Task to carry out
Return only the lines from the one that contains "Synagogues – Place" through the last line of the records below, exactly as they stand. Pictures are not part of the copy.

Data records
· · ·

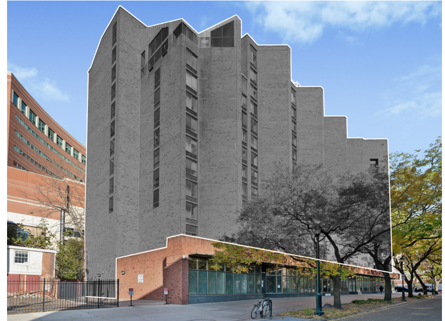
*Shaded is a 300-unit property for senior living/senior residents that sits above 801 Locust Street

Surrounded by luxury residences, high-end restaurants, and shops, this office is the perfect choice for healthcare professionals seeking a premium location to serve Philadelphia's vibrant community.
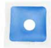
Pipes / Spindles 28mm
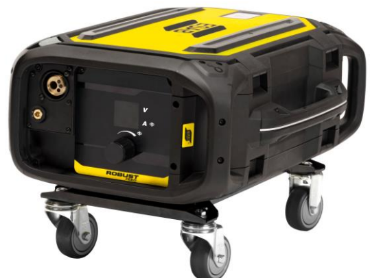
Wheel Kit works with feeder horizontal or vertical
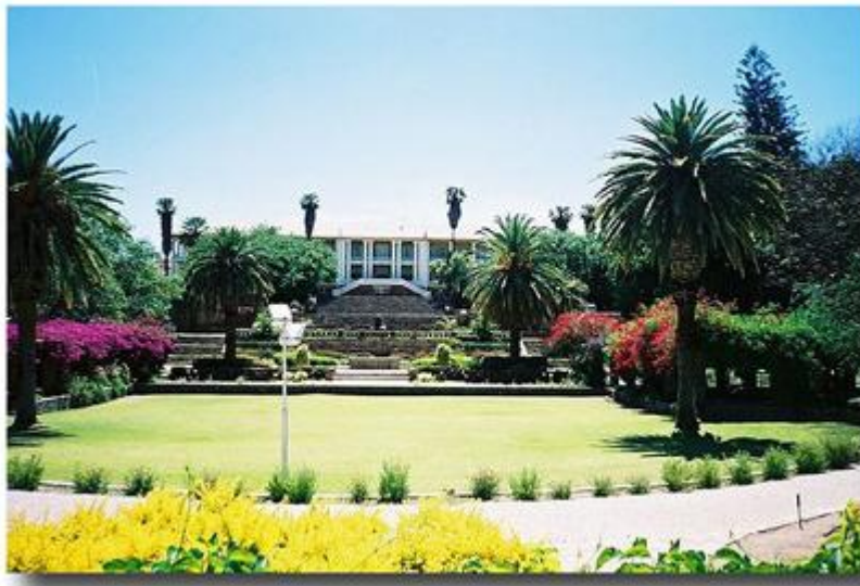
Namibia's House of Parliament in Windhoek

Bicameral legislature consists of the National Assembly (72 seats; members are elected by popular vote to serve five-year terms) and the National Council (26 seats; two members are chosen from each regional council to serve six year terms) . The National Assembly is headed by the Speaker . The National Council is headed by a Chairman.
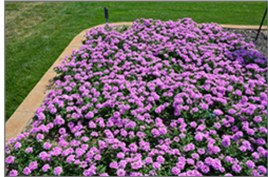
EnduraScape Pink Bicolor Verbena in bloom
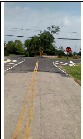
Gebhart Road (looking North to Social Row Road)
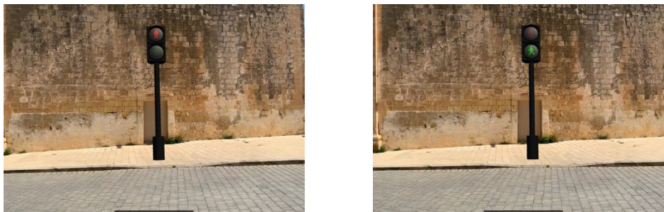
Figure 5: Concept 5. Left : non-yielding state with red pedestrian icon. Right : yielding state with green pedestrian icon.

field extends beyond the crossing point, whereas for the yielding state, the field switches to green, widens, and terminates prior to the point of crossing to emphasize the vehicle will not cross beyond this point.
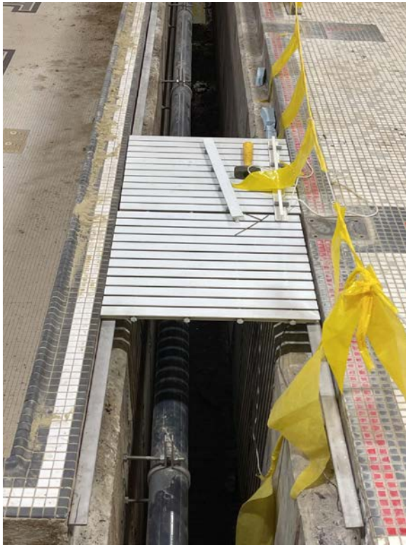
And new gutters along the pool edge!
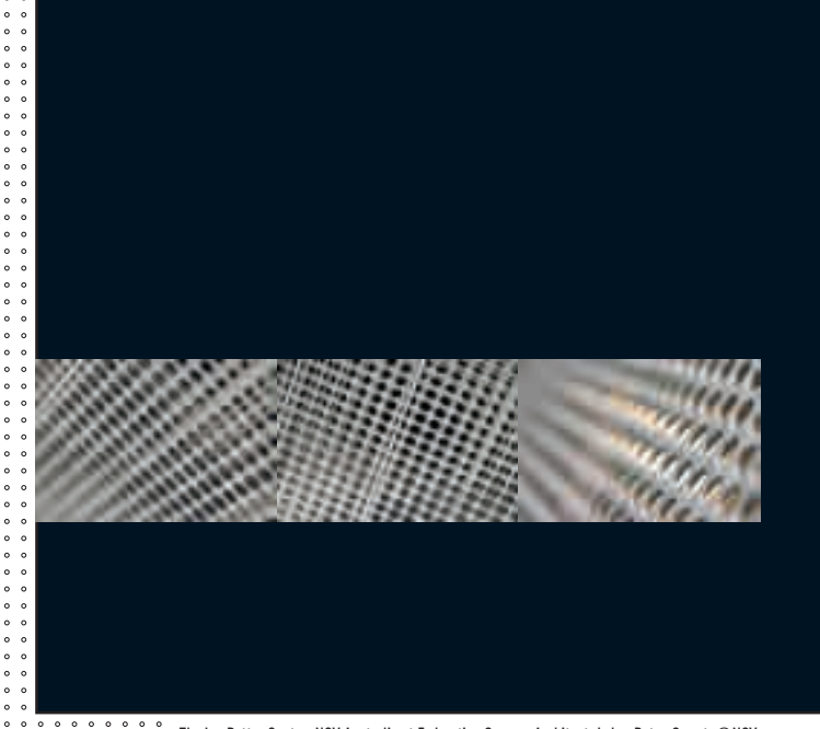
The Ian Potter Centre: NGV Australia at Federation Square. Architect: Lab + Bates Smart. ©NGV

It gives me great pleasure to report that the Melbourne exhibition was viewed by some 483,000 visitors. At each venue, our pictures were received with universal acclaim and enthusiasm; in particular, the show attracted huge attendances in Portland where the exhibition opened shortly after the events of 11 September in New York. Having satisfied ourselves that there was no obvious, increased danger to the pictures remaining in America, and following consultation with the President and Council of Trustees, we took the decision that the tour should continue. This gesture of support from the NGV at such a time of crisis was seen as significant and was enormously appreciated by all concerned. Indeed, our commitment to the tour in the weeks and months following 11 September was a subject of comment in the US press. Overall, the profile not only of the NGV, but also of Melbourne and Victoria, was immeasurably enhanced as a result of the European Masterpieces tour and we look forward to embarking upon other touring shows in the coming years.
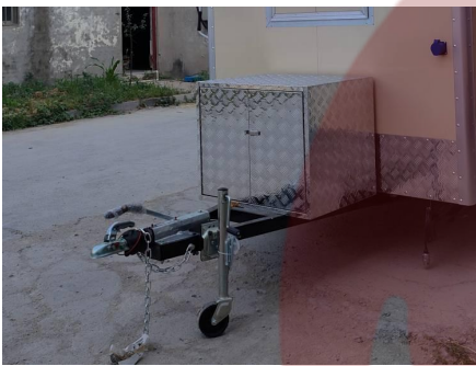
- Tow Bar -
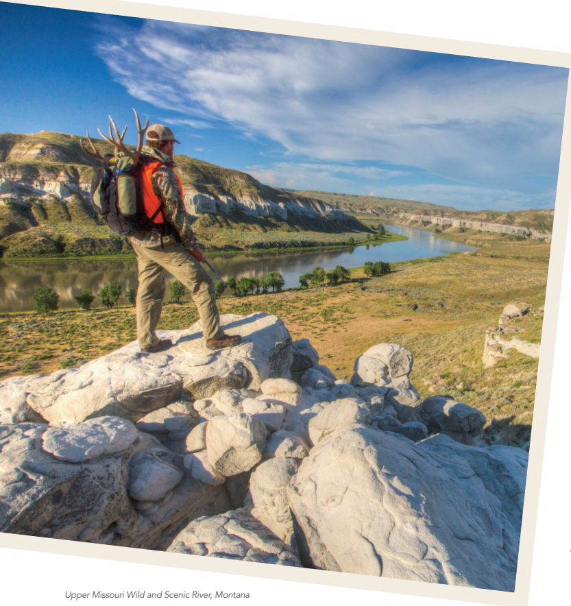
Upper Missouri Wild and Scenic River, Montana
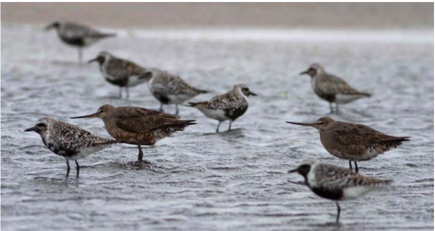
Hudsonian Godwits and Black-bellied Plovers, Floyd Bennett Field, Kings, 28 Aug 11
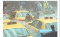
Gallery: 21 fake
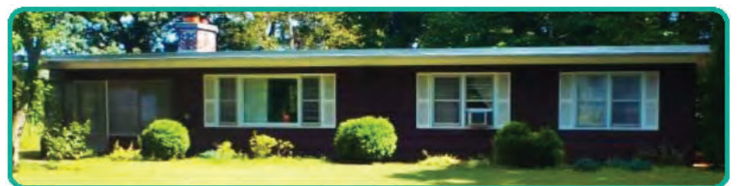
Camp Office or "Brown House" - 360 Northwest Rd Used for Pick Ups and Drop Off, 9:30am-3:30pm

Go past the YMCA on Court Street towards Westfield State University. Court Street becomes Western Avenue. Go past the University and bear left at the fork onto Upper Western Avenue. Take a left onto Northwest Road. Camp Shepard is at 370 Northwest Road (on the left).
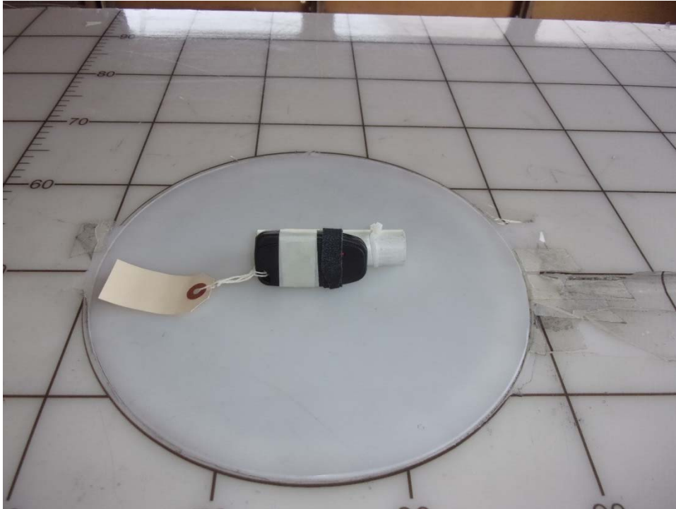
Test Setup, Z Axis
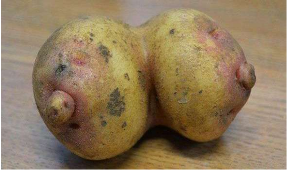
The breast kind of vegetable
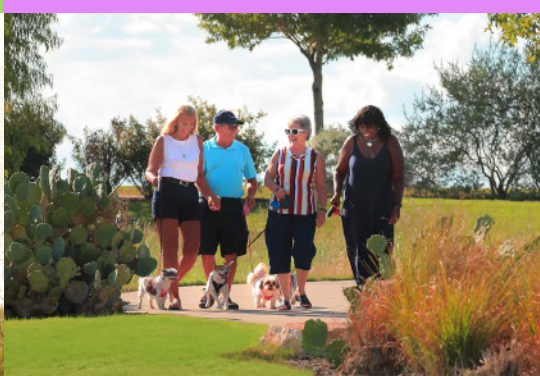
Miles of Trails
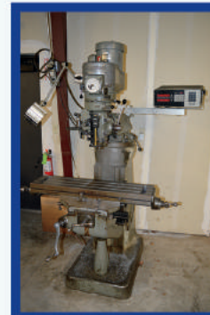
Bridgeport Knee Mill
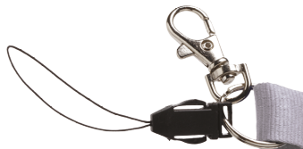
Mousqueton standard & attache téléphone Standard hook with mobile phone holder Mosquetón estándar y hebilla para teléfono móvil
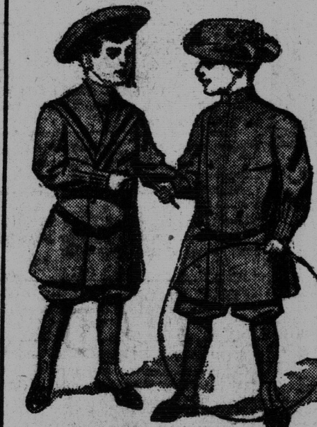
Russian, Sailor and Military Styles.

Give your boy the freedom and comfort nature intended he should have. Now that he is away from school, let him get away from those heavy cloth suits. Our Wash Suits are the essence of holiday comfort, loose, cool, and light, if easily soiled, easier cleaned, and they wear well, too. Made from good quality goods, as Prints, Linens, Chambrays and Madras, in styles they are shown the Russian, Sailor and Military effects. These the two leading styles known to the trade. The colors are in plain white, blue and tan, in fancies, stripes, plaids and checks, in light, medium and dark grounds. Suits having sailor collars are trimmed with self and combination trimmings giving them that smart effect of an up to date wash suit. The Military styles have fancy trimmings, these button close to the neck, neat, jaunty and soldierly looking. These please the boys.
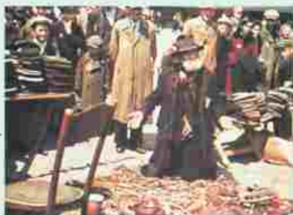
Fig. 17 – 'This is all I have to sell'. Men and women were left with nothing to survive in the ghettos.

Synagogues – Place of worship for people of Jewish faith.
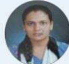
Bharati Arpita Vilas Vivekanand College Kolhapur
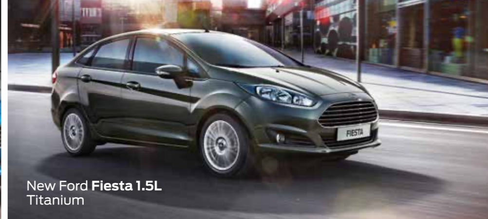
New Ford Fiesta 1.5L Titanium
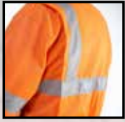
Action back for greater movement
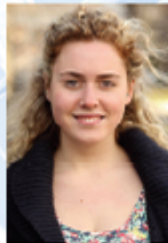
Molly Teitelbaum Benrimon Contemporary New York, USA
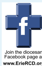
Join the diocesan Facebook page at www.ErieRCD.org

· · ·

Answer section
Synagogues – Place of worship for people of Jewish faith.
Bharati Arpita Vilas Vivekanand College Kolhapur
New Ford Fiesta 1.5L Titanium
Action back for greater movement
Molly Teitelbaum Benrimon Contemporary New York, USA
Join the diocesan Facebook page at www.ErieRCD.org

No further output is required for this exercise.